Meaning of the Voigt Fit Parameters#

The ω mass peak is modeled using a Voigt function, which is the convolution of a Breit–Wigner distribution (intrinsic particle width) and a Gaussian distribution (detector resolution).

  • Γ (Gamma)Intrinsic decay width of the particle.
    This is a physical property of the resonance related to its lifetime through
    (\Gamma = \hbar / \tau).
    For the ω meson, the natural width is about 8.5 MeV.

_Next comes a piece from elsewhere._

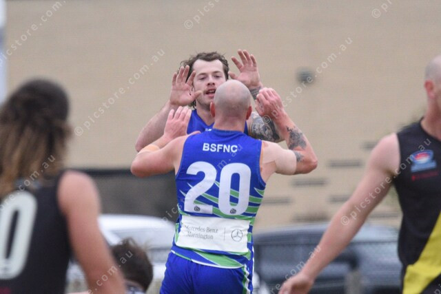 Matt Soutter-Smith (20 Berwick Springs) after his goal. Fellow goal kicker behind is Rhys Fletcher (5). 478113_19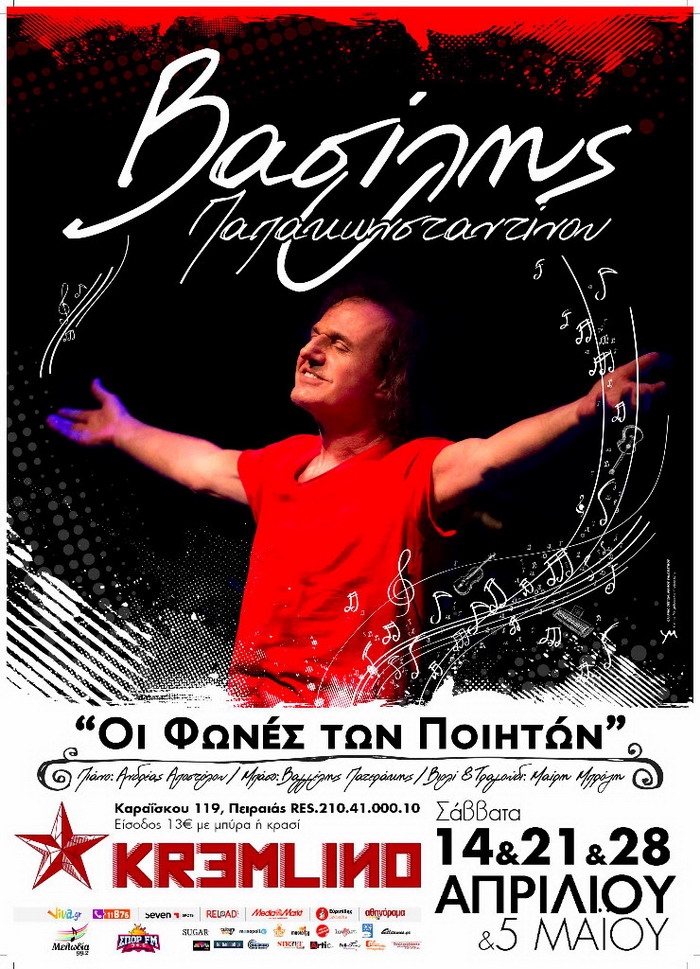 Ο Βασίλης Παπακωνσταντίνου ανεβαίνει στη σκηνή του Kremlino στον ΠειραιάΓια τέσσερα μόνο Σάββατα14 & 21 & 28 Απριλίου & 5 Μαΐου«Οι φωνές των ποιητών»Όταν θέλεις στ’ αλήθεια, να ακουστούν οι φωνές των ποιητών, μετατρέπεις την ηλεκτρική συνοδεία σε ακουστικά όργανα. Τον συνοδεύουν μόνο ένα πιάνο, ένα βιολί και ένα μπάσο. Γιατί αυτά που θέλει να ακουστούν, είναι το παράπονο του Τάσου Λειβαδίτη, τα λόγια του Κώστα Βάρναλη, η οικουμενικότητα του Οδυσσέα […]

  • σ (Sigma)Detector resolution.
    This represents the Gaussian smearing introduced by the detector and reconstruction, such as calorimeter energy resolution, tracking resolution, and π⁰ reconstruction uncertainties.

Interpretation of p-values in χ² goodness-of-fit tests#

If the model is correct and the uncertainties are correct, what is the probability of observing a χ² at least this large just from statistical fluctuations?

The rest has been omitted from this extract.